Unfortunately, word of mouth and even agreements on paper can only take you so far. What happens when one party is unable to deliver on the terms of the contract? That’s where surety bonds come in.
What is a surety bond?
A surety bond, also known as a contract of suretyship, is a legally binding promise to pay one party a corresponding amount of money in case a second party is unable to meet a particular obligation under law or contract. A surety bond guarantees that a contract will be completed successfully by imposing a penalty on non-compliance.
There are three (3) parties involved in a surety bond:
The first party is called the principal or obligor. The principal is the party responsible for delivering a service, performing an act, or fulfilling the terms of the contract. An example would be a developer.
The second party is the obligee or beneficiary. The obligee is the party to whom the principal must deliver the service or product,and is thus the party in whose favor the bond is issued. According to law, the obligee can be a creditor or lessee a project owner among others.
The third party is the surety or insurer. Basically, the surety is the party that issues the bond on the principal’s behalf. As such, the surety is effectively responsible for ensuring that the principal fulfils their side of the agreement.
Basically, the surety bond is designed to safeguard the obligee from any losses, in the event that the principal is unable to deliver upon their agreement.
Differences between insurance contracts and contracts of suretyship
While both contracts are designed to give some form of compensation to at least one party, they differ in a number of significant ways.
- While an insurance contract covers loss, a contract of surety guarantees the delivery of service.
- An insurance contract is a principal contract; on the other hand, a contract of surety is an accessory contract, meaning it cannot exist without a principal obligation that requires it.

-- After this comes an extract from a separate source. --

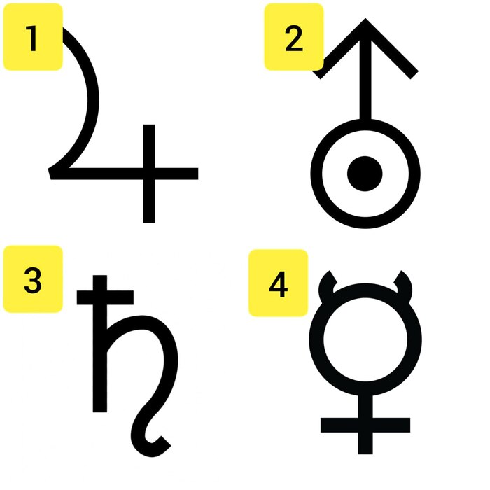 Ответ: 1 — Юпитер, а также олово; 2 — Уран; 3 — Сатурн, он же свинец; 4 — Меркурий, он же ртуть.
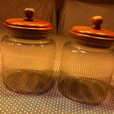 Bohus kjøkkenkrukker glass med trelokk

- An insurance contract only involves two (2) parties: The insurer and the insured.
- A contract of suretyship entitles a reimbursement from the principal and their guarantors for losses incurred under contract.
- A contract of suretyship requires collateral or guarantors from the principal; an insurance contract does not.
- An insurance contract may be cancelledby either the property owner or the insurance company; meanwhile, only the obligee’s consent enables the surety to cancel the contract of suretyship.
- While an insurance contract’s validity period is one (1) year by default, a contract of suretyship’s duration depends on the terms of the contract.